Keefer Roulette System discussed in Betting Systems/Gambling at Wizard of Vegas – Page 3

I considered the matter from a copyright infringement standpoint only, and saw none.

Now, in order for an infringement claim to be actionable, it has to infringe on the basis of protected intellectual property – for example something patented, trademarked, copyrighted. To get right down to it, I’m not aware that anything in this Keefer book is protected under any basis other than copyright.

If you’re aware that there are some other protections that might apply, let me know I will analyze whether there is an issue.

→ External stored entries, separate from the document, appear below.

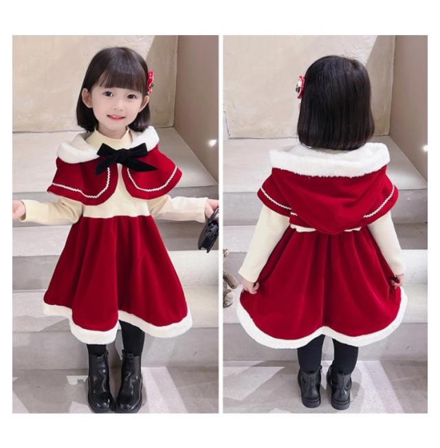 | 90-130cm 可愛いワンピースタイプ 胸元リボンがとってもキュートなケープ付きワンピースです。フードをかぶれば可愛さもバツグンです。 | |
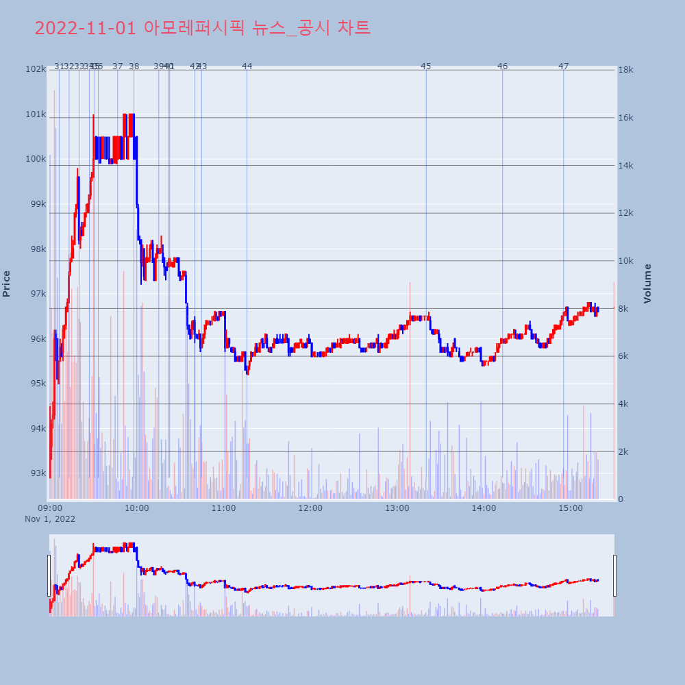 48 | [내일 장 GO&STOP] 아모레퍼시픽, 어닝쇼크에도 주가 강세... 악재 선반영?오늘 급등했던 종목은 왜?오늘의 HOT! 종목은?▶ 진 | MTN | 아모레퍼시픽 | 2022-11-01 17:07:41 |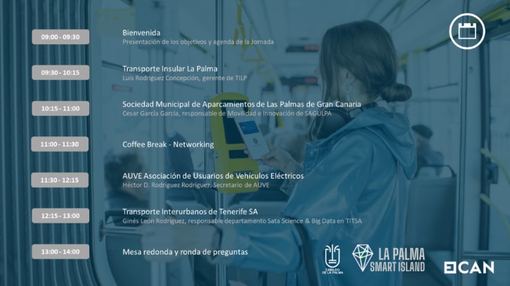 En la agenda había ponencias por parte del gerente de la compañía de Transportes Insular de La Palma (TILP), Luis Rodríguez, el responsable de Movilidad e Innovación de SAGULPA (Sociedad Municipal de Aparcamiento de Las Palmas de Gran Canaria), César García,un servidor, Héctor Rodríguez, por parte de la AUVE, y finalmente, el responsable del departamento de Data Science & Big Data en TITSA (Transportes Interurbanos de Tenerife S.A.), Ginés León.El gerente de TILP habló de los problemas para implantar una movilidad sostenible en la isla debido a su dispersión poblacional así como a la orografía de la misma, aparte de exponer los problemas de recurso debido al aumento de viajeros debido a la gratuidad del transporte público en la coyuntura actual y sus temores de lo que pueda ocurrir si esa gratuidad desaparece. También habló de la necesidad de ubicar intercambiadores para facilitar aún más el uso del transporte público en las poblaciones rurales, que puedan facilitar a la población el cambio intermodal.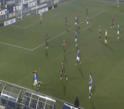 39′45″沃伊沃达右路晃开巴特萨吉后传中,中路达库尼亚从弗法纳和托莫里之间杀出,近距离射门被麦尼昂下意识挡开并靠二次反应破坏了补射。而这个熟悉的进攻跑位套路上一场戈森斯就完成了两次之多。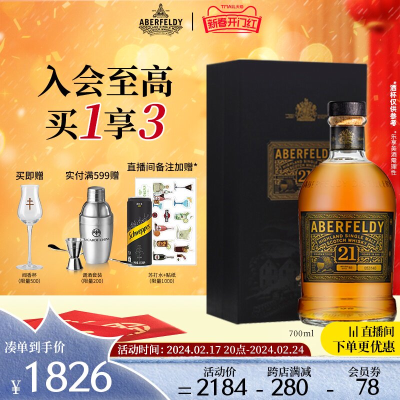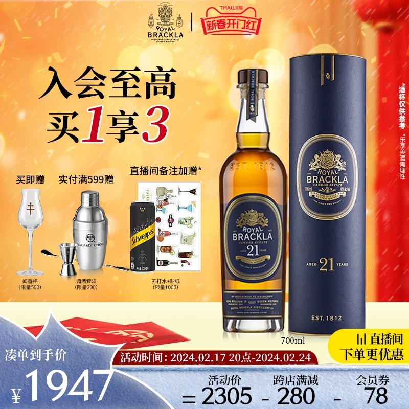 【官方直营】皇家布莱克拉威士忌洋酒21年单一麦芽威士忌700ml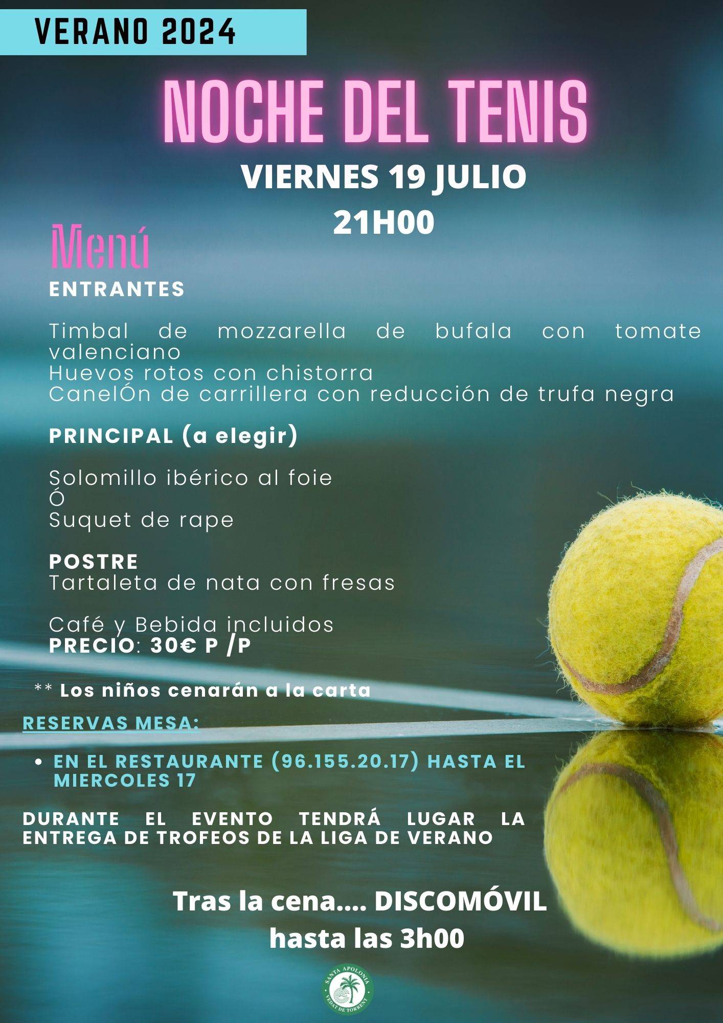 PARA LAS RESERVAS DE MESA DE LA NOCHE DEL TENIS

You mention trade secrets.

Just to give you an analogy, the formula for Coca Cola. Long ago the inventor decided not to patent the formula, because patents must be published, and after the life of the patent expires, then whatever is disclosed under the patent becomes public domain, such that anyone may use it copy it with relative impunity. Instead, Coca Cola decided to guard the secret formula. As such, they never had any patent protection over the formula, but by simply keeping it secret, so long as they are able to retain that secrecy, the formula never gets out there at all.

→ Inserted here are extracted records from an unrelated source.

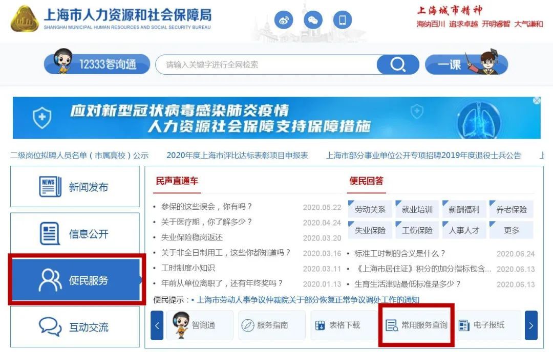 点击进入“便民服务”下的“常用服务查询”栏目。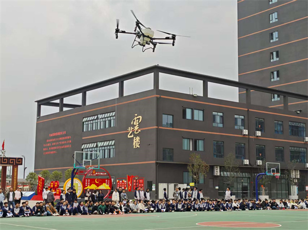 理论的种子需在实践中生根发芽。活动的第二阶段移至学校操场,将整个活动推向了高潮。在专业人员的引导下,同学们近距离观察了小巧灵活的小型航拍机和功能强大的中型植保机,对无人机的构造有了更直观的认识。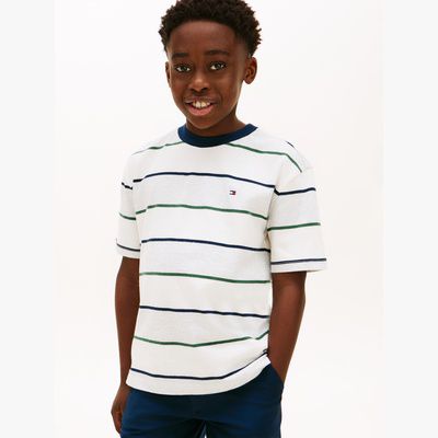 Esta camiseta, confeccionada en punto de puro algodón con acabado aterciopelado, luce llamativas rayas estilo rugby que realzan su estilo deportivo clásico.

Now, if someone somehow manages to steal the formula for Coca Cola, the company would have an action against the appropriator. Not on the basis of IP law per se (no patent), but simply based on a common law theft of someone of value, which is the essential basis of most trade secret protection laws anyway.

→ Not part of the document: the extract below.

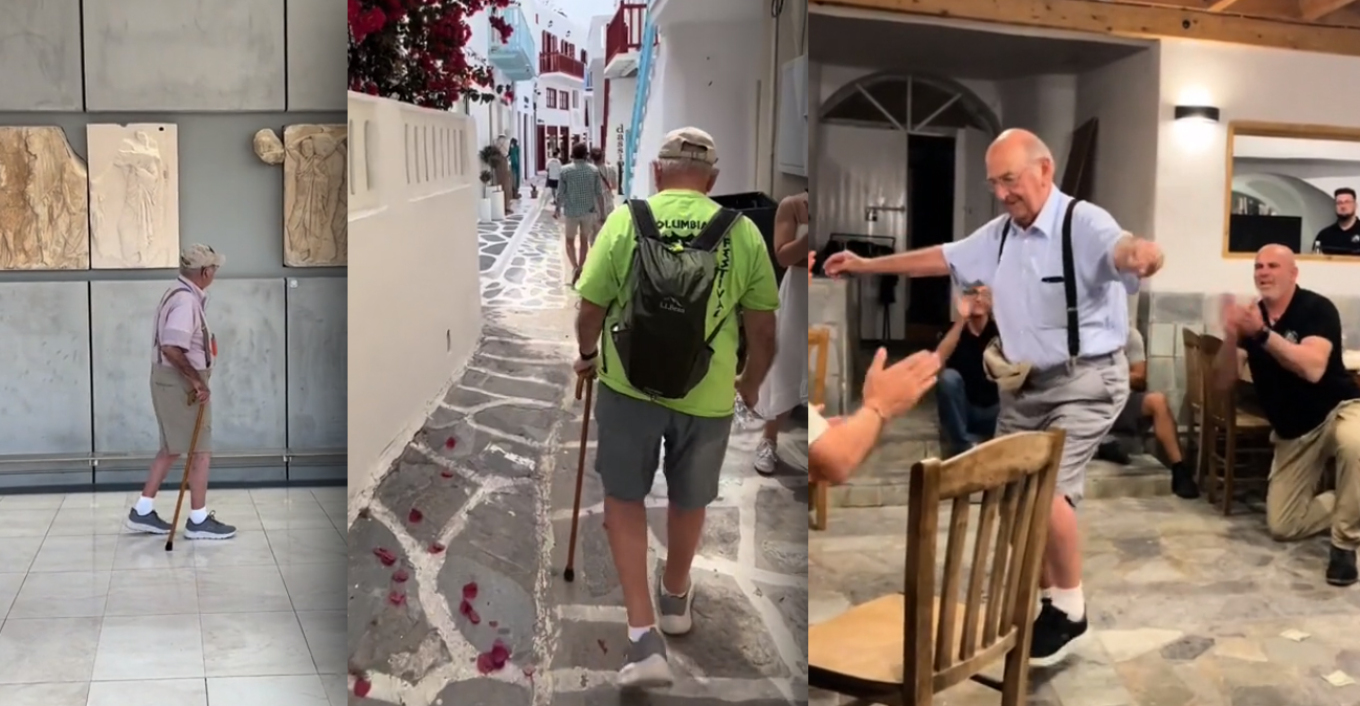 89 year old Greek man comes to Greece for the first time and goes viral on TikTok – Watch emotional video

You read lately about this sort of thing at the Tesla factory, where Elon Musk is regularly accusing employees or ex employees of stealing trade secrets.

But by virtue of their nature – trade secrets must first of all, be, secret. If not secret, then there is no basis on which to accuse someone of stealing them. Trade secrets must be – to use another word, confidential.

Here, this book is published, so there aren’t any trade secrets associated with it that I can see. Nothing about this book is confidential.

I could go on and on, but just consider another example – if you have an idea for a business, and you decide that you cannot somehow protect it, with say, some kind of patent, which for some time now even ideas may be patented, but for this particular idea you decide that you cannot patent it – well then, the moment you put the idea into action, the moment you start the business, it is in the public domain, with no patent protection affixed to it, and anyone may copy it.

You hear this regularly if you watch the show Shark Tank, where “Mr. Wonderful” asks the business owner if he has any kind of patent on his product or idea, and if not, tells the would-be-businessman time and again, something like, “Then what’s to stop your competitors from squashing you like the cockroach that you are.”

Similarly here, this Keefer guy might have come up with something unique, but absent his having prior to disclosing it obtained some kind of registered protection to his idea (i.e. patent), once he published it, he lost any kind of “trade secret” rights to sue anyone for stealing it. Once it’s out there, it’s no longer a secret, it’s no longer confidential, and trade secret protection no longer applies.

So to summarize, in this context:

-First, you look to see if there is any copyright, trademark, patent protection. If yes – then infringement claims may derive from these.

-If not, or if none of these IP rights are violated, then perhaps you look to the trade secret issue, but only if the information is in fact secret, is in fact confidential. Published material is not subject to trade secret law.

I tell you it’s wonderful to be here, man. I don’t give a damn who wins or loses. It’s just wonderful to be here with you people.